У него были любовные стихи, посвящённые Клаве и озаглавленные, совсем как у Пушкина: «К…» Именно так — большое «К» и многоточие. И он снова вспомнил все, что произошло между ним и Клавой, и все мечты свои. Он был счастлив. Да, он был счастлив среди всеобщего несчастья. Но разве он мог поделиться этим с Жорой?
— Нет, наверно, у тебя есть. Слушай, прочти, ей-богу, — сверкая мальчишескими армянскими глазами, упрашивал Жора.
— Брось глупости говорить…
— Неужели правда не пишешь? — Жора вдруг стал серьёзным, и в голосе его появилась прежняя учительская нотка. — Правильно, что не пишешь. Разве сейчас время писать любовные стихи, как этот Симонов, да? Когда надо воспитывать народ в духе непримиримой ненависти к врагу? Надо писать политические стихи! Маяковский, Сурков, да? Здорово!

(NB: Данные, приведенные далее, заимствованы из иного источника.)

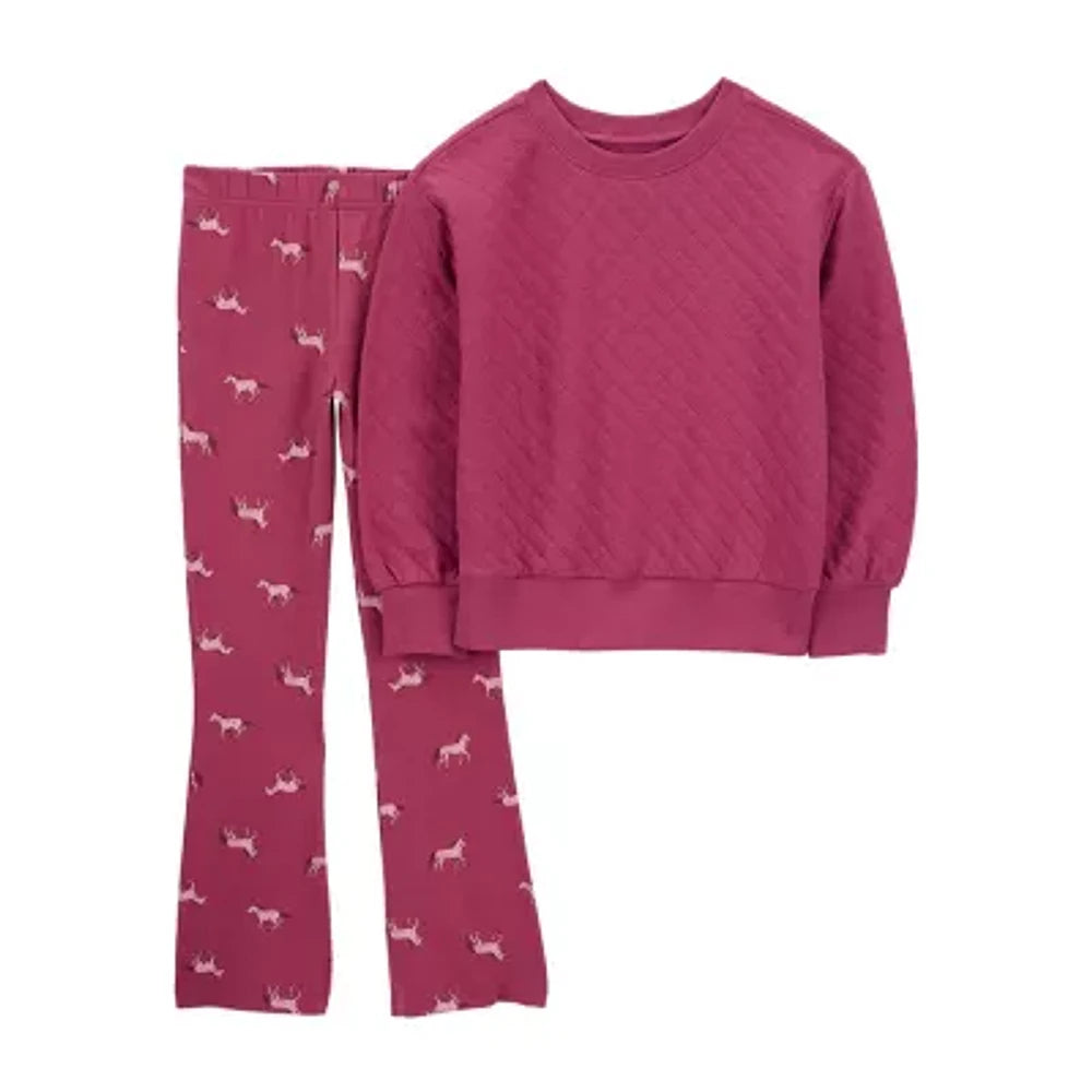 Conjunto de 2 piezas de algodón para niña marca Carter's, estampado de caballos en pantalón y blusa corrugada.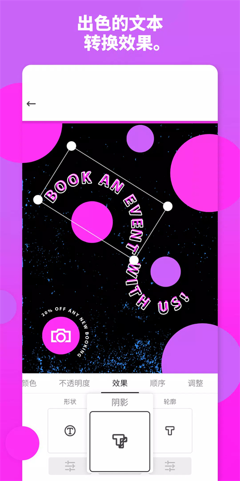 2、文字效果——借助阴影、轮廓与剪裁效果激发创意灵感。无论是单独运用某一种效果,还是将多种效果巧妙融合,都能打造出极具视觉冲击力的文字样式。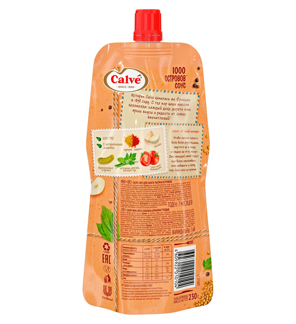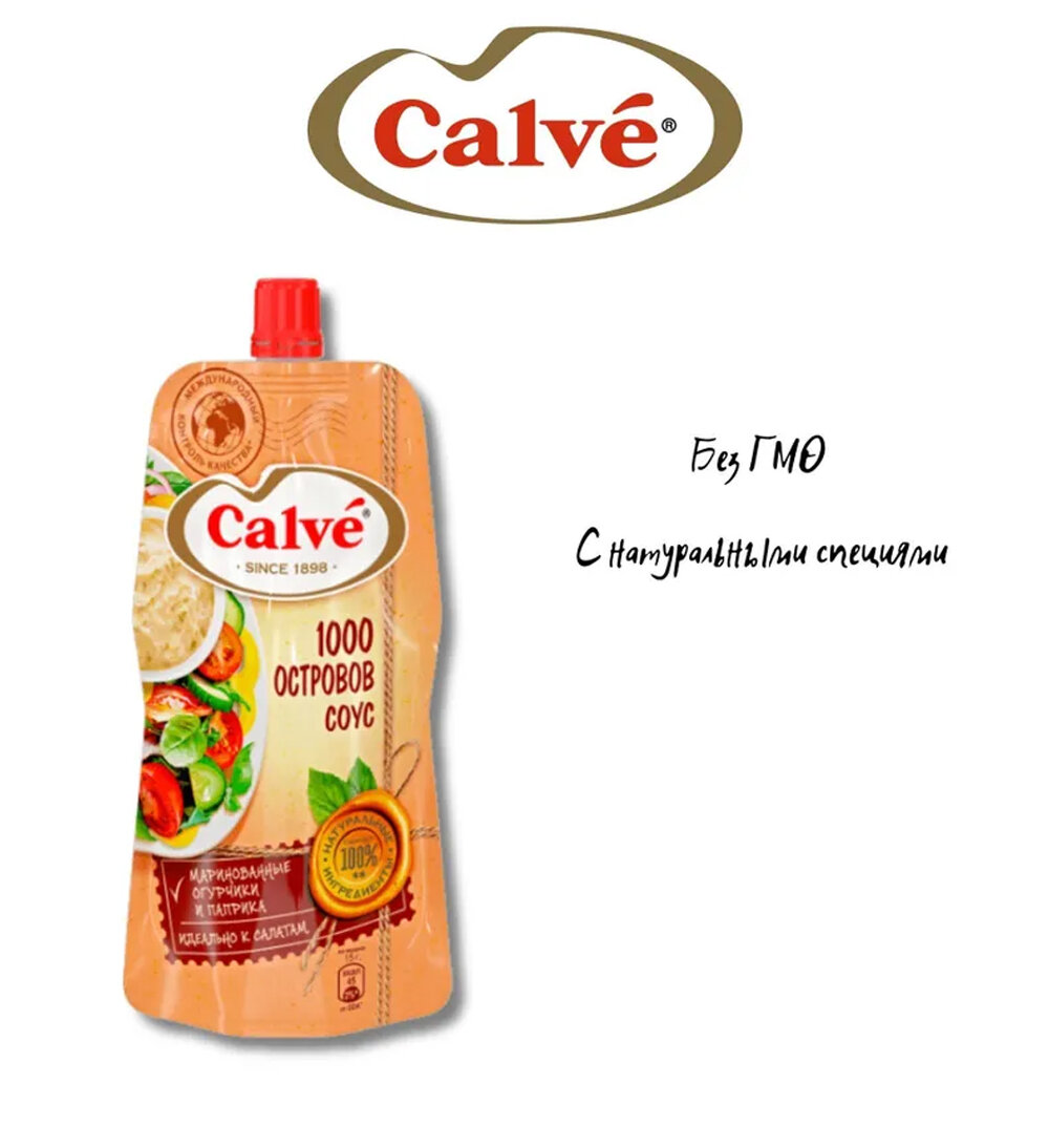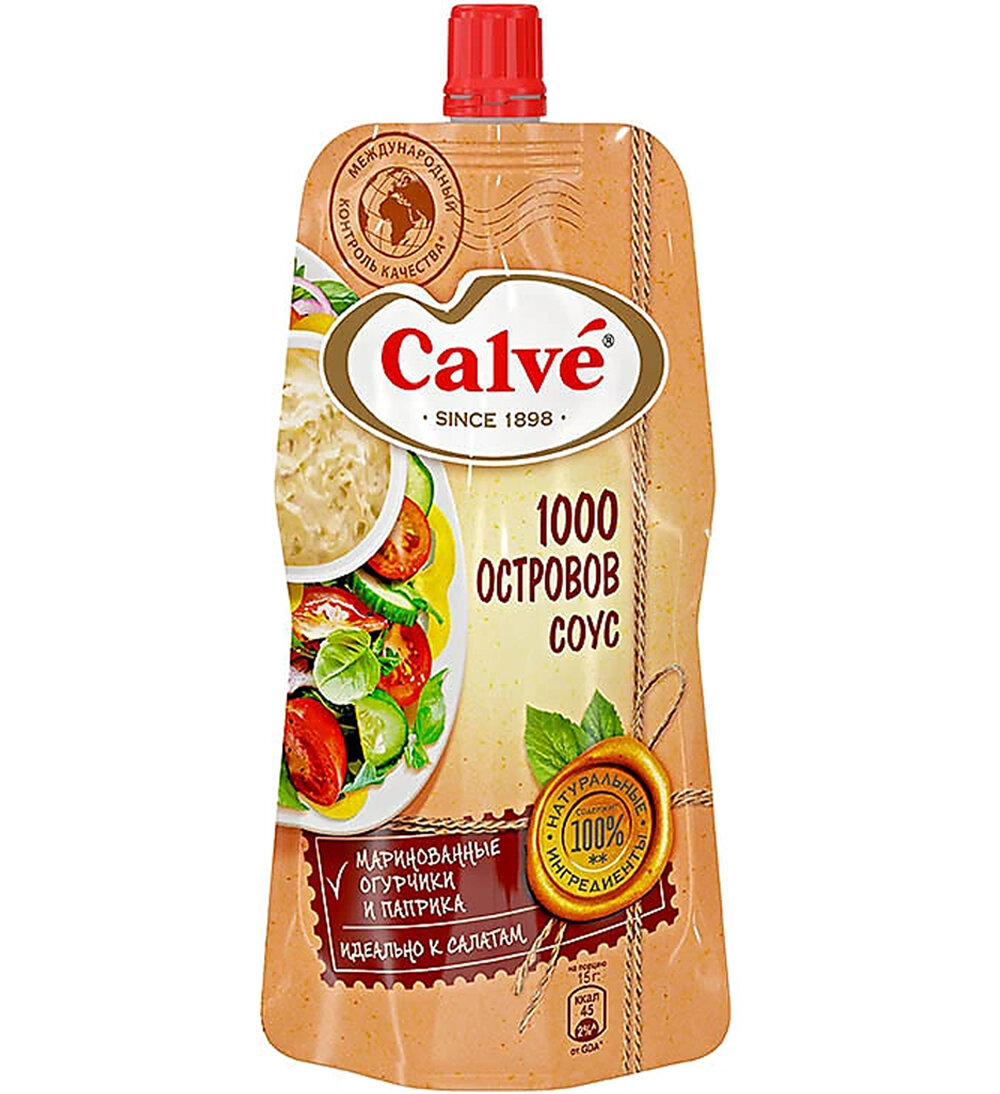 В этот раз Calve привез классический рецепт соуса «Тысяча островов», которым заправляют салаты во всем мире. Добавьте этот пикантный соус с маринованными огурчиками и специально подобранными специями к салатам из овощей и морепродуктов.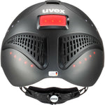 The uvex exxential II LED is the first uvex riding helmet with an innovative lighting system. The integrated LED spots (white at the side, red at the rear) are not visible when in standby mode and are activated at the touch of a button. Another very practical feature of the sporty all-rounder is that it meets standards for both riding and cycling helmets, affording riders perfect protection at all times even when cycling to the stables.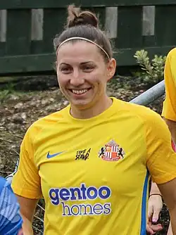 Grace Elizabeth McCatty (born 28 September 1989) is an English footballer who currently plays as a defender for Sunderland. Prior to her move to the North-East with Durham, she featured eight times in the UEFA Women's Champions League for Bristol City.[2][3]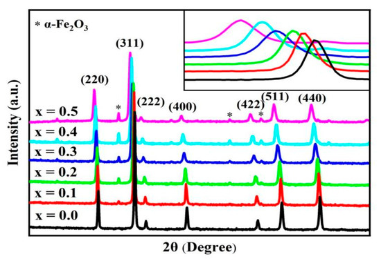 Figure 1 illustrates the XRD patterns of the spinel ferrite system CdxNi0.5−xCu0.2Zn0.3Fe2O4 (0 ≤ x ≤ 0.50, in steps of 0.10). The Miller index (hkl) of the spinel phase is marked in the figure, corresponding to the (220), (311), (222), (400), (422), (511), and (400) crystal planes. The XRD patterns were analyzed using Jade 5 software, revealing the formation of a cubic spinite structure with space group Fd-3m, which was in accordance with the JCPDS standard card number 74-0748. Moreover, we observed a second phase apart from the sample (x = 0). The second phase was a peak of the hematite hexagonal phase α-Fe2O3 (JCPDS # 86-0550), with space group R-3c and lattice parameters a = b = 5.03 Å and c = 13.73 Å. M. H. Nasr et al. used Ni-doped Fe–Cd spinel nanoferrite [8], which also produced the secondary phase -Fe2O3 as the Ni doping increased. Vivek Verma et al. [9] synthesized Li0.35Cd0.3Fe2.35O4 lithium–cadmium ferrite with secondary-phase α-Fe2O3 generation using a hybridized citrate gel precursor technique in a different pH medium. Munish Gupta et al. [14] prepared cadmium ferrite (CdLixFe(2−x)O(4−x)); 0 ≤ x ≤ 0.50) using ammonium hydroxide as a co-precipitant, and also observed the presence of Fe2O3. This result shows that the solid solution limit of Cd-doped Ni–Cu–Zn spinel ferrite is less than x = 0.1. XRD patterns can be derived for the lattice constant (a), grain size (D), and X-ray density (ρx).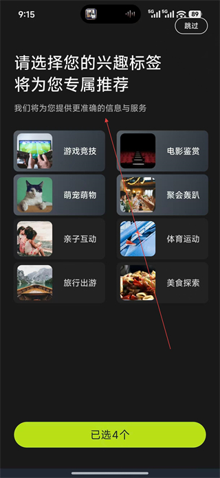 2、進入興趣標簽選擇頁面,挑選4個感興趣的標簽,比如游戲競技電影鑒賞等,點擊已選4個按鈕確認選擇。

— Не в этом дело, писать можно обо всем, — раздумчиво сказал Ваня. — Если мы родились на свет и живём жизнью, о которой, может быть, мечтали целые поколения лучших людей и боролись за неё, мы можем, имеем право писать обо всем, чем мы живём, это все важно и неповторимо.
— Ну, ей-богу, прочти что-нибудь! — взмолился Жора.
Невыносимая духота стояла в воздухе; они шли то смеясь и вскрикивая, то переходя на тон интимно-доверительный; шли и жестикулировали, спины под вещевыми мешками были у них совсем мокрыми; пыль оседала на лицах, и, отирая пот, они размазывали её по лицу; и оба они — смуглый, как негр, Жора, и Ваня, с длинным лицом с бледным загаром, — и даже усатый майор походили на трубочистов. Но весь мир в эту минуту был для них — и они нисколько не сомневались в том, что и для майора, — сосредоточен на том, о чем они говорили.
— Ну что ж, я прочту…
И Ваня, не волнуясь, спокойным глуховатым голосом прочёл:
В это время майор издал горлом какой-то странный звук, и Ваня и Жора обернулись к нему.
— Вы, ребята… вы даже не знаете, какие вы, ребята! — сипло сказал майор, с волнением глядя на них своими глубоко спрятанными под нависшими бровями влажными глазами. — Не-ет! Такое государство стояло и будет стоять! — вдруг сказал он и с ожесточением погрозил кому-то в пространство коротким чёрным пальцем. — Он думает, он у нас жизнь прекратил! — с издёвкой в голосе продолжал майор. — Нет, брат, шалишь! Жизнь идёт, и наши ребятишки думают о тебе, как о чуме или холере. Пришёл — и уйдёшь, а жизнь своим чередом — учиться, работать! А он-то думал! — издевался майор. — Наша-то жизнь навеки, а он кто? Прыщ на гладком месте, — сковырнул, и нет его!.. Ничего! Я в этом проклятом госпитале сам было пал духом, — неужто ж, думаю, на него и силы нет, а как я к вам пришвартовался и иду, у меня полное обновление души… Думаю, многие клянут сейчас нас, армейцев, а разве можно? Отступаем — верно. Так ведь он какой кулак собрал! Но подумайте, какая сила духа! Ах, боже мой! Да это счастье — стоять на месте, не отступать, жизнь отдать, — поверьте совести, я сам бы почёл за счастье жизнь отдать, отдать жизнь за таких ребят, как вы! — с волнением, сотрясавшим его лёгкое, сухое тело, говорил майор.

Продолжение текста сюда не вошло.